#### About this exercise
From top to bottom, write out the listing exactly and skip every picture.

#### Data below
-- Opening Marker --

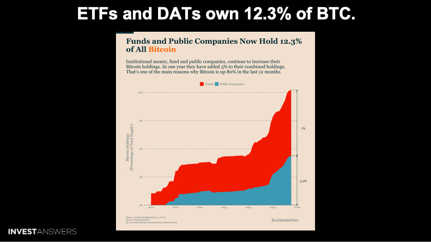 The ETFs and digital asset treasury companies now own 12.3% of Bitcoin.
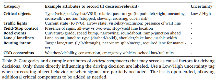 - 关键组件类别(表 2):开放式类别设计,包含关键物体、交通灯、道路事件等,支持灵活标注决策相关因素;
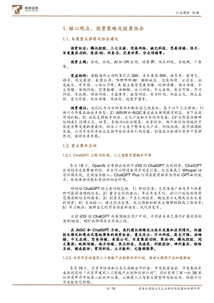 德邦证券:传媒互联网行业周报:ChatGPT上线iOS移动端,北京启动通用人工智能产业创新伙伴计划.pdf

-- Closing Marker --

#### Output for this exercise
 The ETFs and digital asset treasury companies now own 12.3% of Bitcoin.
 - 关键组件类别(表 2):开放式类别设计,包含关键物体、交通灯、道路事件等,支持灵活标注决策相关因素;
 德邦证券:传媒互联网行业周报:ChatGPT上线iOS移动端,北京启动通用人工智能产业创新伙伴计划.pdf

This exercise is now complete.